Before We Were Yours Lisa Wingate
A fictionalized account of a real-life black-market adoption ring, run through the hands of Georgia Tann and Tennessee Children’s Home Society, a well-respected orphanage in the early twentieth century. Scandalized by being exposed as a front for a broad black-market adoption ring in 1950, Georgia Tann died before she could be prosecuted for the many kidnapping and murder charges of children who died or suffered in her care. The home provided the backdrop for this heartbreaking story of an impoverished river gypsy family that was splintered and very nearly destroyed by Miss Tann and her deadly operations. I would highly recommend reading this powerful story.
Miss You Kate Eberlen
This romance of near-misses was a fun read. While I had trouble identifying with the characters, and thinking that some of the encounters might be a bit unbelievable, it was a fun journey. The female character was very loveable, but she was consistently shorted in the good partner department. I’ll let the final match be yours to judge. I think this would make for a great spring break vacation read, perfect to leave behind for the next guest and free up some souvenir space in your carry on.

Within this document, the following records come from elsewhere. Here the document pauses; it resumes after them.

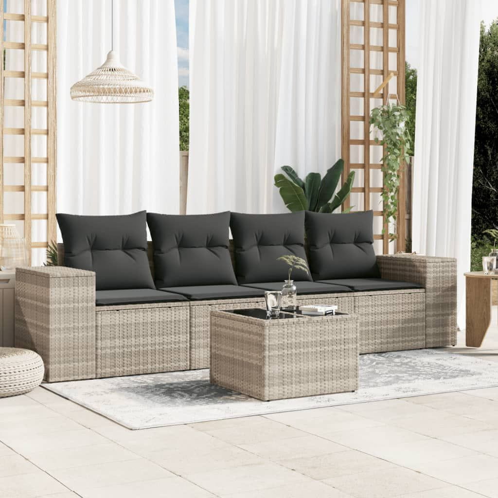 Vidaxl 5-dijelna vrtna garnitura s jastucima svijetlosiva poliratan
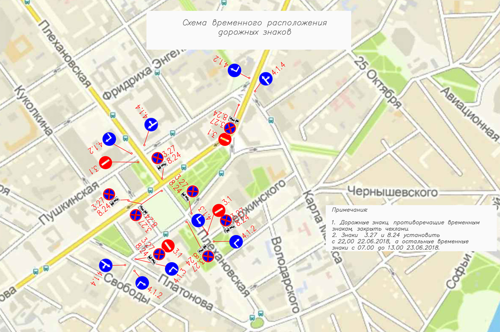 В связи с выпуском офицеров из ВУНЦ ВВС «Военно-воздушная академия профессора Н.Е. Жуковского и Ю.А. Гагарина» 23 июня с 6:00 до 14:00 будут запрещены парковка и движение автотранспорта по площади Ленина (на участках от проспекта Революции до улицы Кирова и от улицы Платонова до улицы Кардашова); проспекту Революции (от улицы Карла Маркса до площади Ленина); улице Плехановской (от улицы Дзержинского до улицы Пушкинской); Театральному проезду (от площади Ленина до улицы Пушкинской).
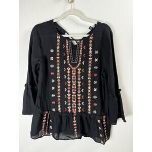 Laundry Bohemian Embroidered Dark Fall Floral Whimsygoth Preppy Peplum Blouse
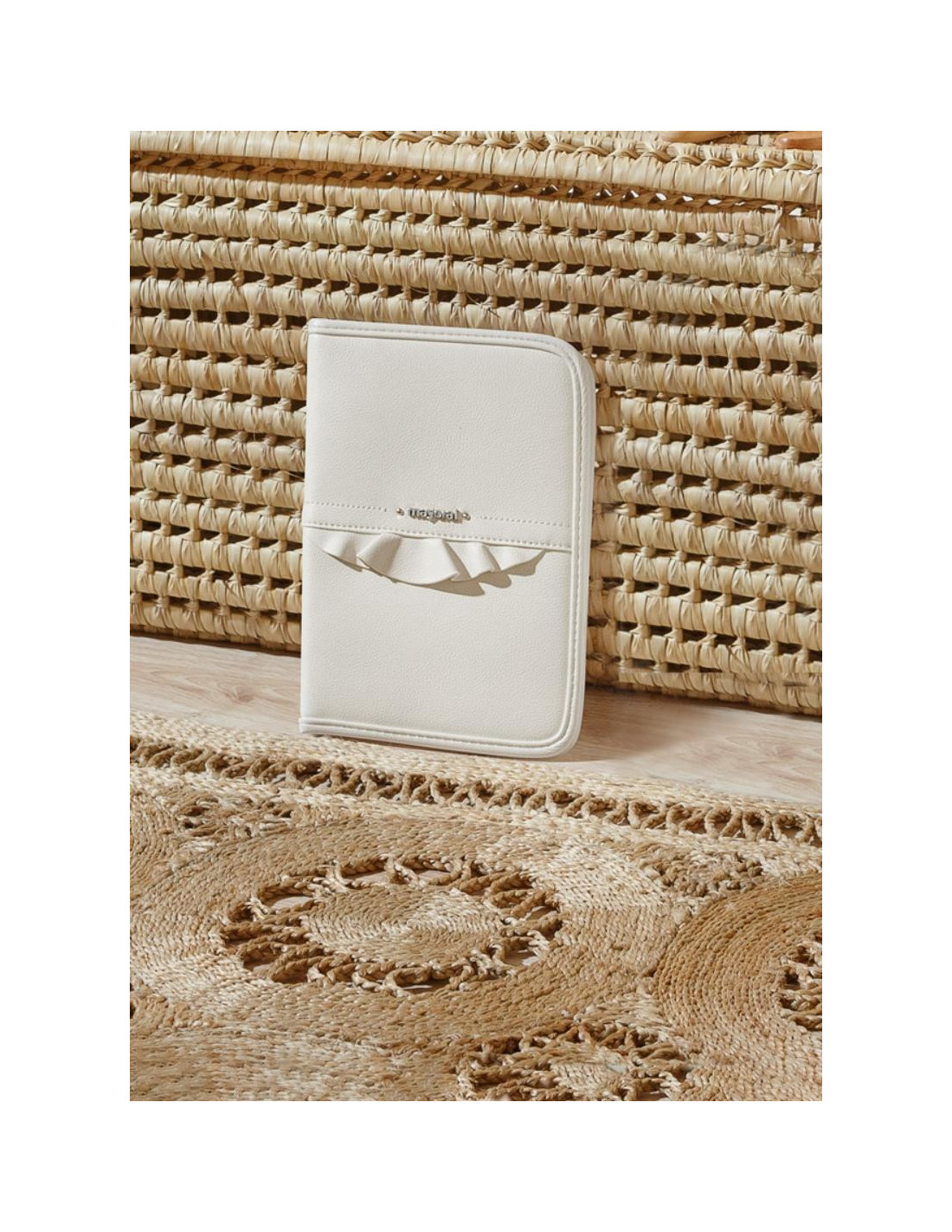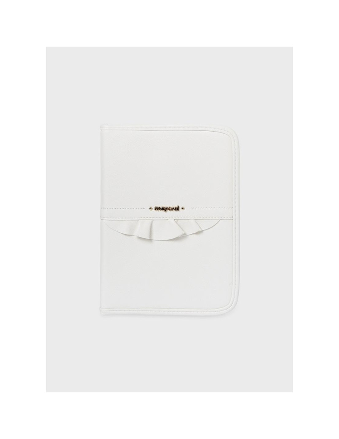 Estiloso portadocumentos de bebé de cuidado diseño, cuenta con compartimentos interiores para una mejor organización. Cierre con cremallera. Elementos de adorno: volante decorativo. Este artículo tiene unas dimensiones de 24,5 x 17 cm.

All Time Best Appetizers (Cook’s Illustrated)
I have to bring appetizers to a dinner party this month, so I was doing a bit of research. I need to be able to bring something that I can make ahead, but that can be kept at room temperature or chilled, and I’m having trouble coming up with something creative. Ultimately I think I will bring a cheese tray, so this book wasn’t resourceful for me. It was fun to flip through, but I wouldn’t recommend for a home reference.
Slow Knitting: A Journey from Sheep to Skein to Stitch Hannah Thiessen
I enjoyed every second of this one. If there’s one problem I tend to have with knitting (other than gauge), it’s choosing the right yarn for the project. The more I knit, the more I know that I need to consider more than just the weight and color of the yarn. Fiber content determines the price and softness, hello cashmere!, but it also can determine how much it snags or pills with wear, the halo or felting that might occur over time, or break easily during the process of knitting. This book was masterful in helping understand not just the design but the reasoning behind making a good fiber choice to get the product you want to keep forever. And with most hand-knit sweaters costing upwards of $100 in materials (and many months of time, if knitting is your meditation as well), you want a sweater that will wear well. I especially loved both the Grow and Spruce patterns.
Small Great Things Jodi Picoult
Racism is so important and difficult, so complicated and oversimplified. My daughter had to write a brief 1-minute presentation a week or so ago on how to solve terrorism, and her simple solution was as close to any oversimplified answer for any big, complicated “ism”. Listen with humility and understanding, and with resolve to be respectful and more tolerant in the future. This is a great story for that prescribed listening. Listening to the experience of an educated, loving, capable black nurse, and understanding just how precarious the ledge she is balancing on can feel. Also understanding who is vulnerable to these hate-building movements and how to support those future generations better. Resolve to change with one thought, one action at a time.
Educated Tara Westover
I heard Tara speak on NPR, and put myself on the hold list at the library. Then I read an editorial on the book in BookPage and knew I couldn’t wait, so Amazon delivered the hardcover to me. Tara grew up in remote Idaho, raised with radical theology and a family with mental health issues. I don’t feel this is a book about Mormonism, because I do not think the twisting mental issues that shaped her father’s fundamental Mormon theology reflect mainstream Mormonism, but it would be interesting to hear what Mormons think of the story. I know my own Christian beliefs are much less conservative than previous generations, but respect for the past and hope for inclusivity in the future is not always easy to balance (or for a congregation to navigate). Forced with choosing between the sucking vacuum of her family and an education, Tara takes us through her life as she finds a future of balance between respect and mercy for her family but withdrawn from the actual emotional and physical violence. I passed this title to my sister, whose book club is soon to feature.
My April stack is pretty tall, but work is pretty crazy in the spring, so I am happy to have the escape planned. What’s on your reading list this month?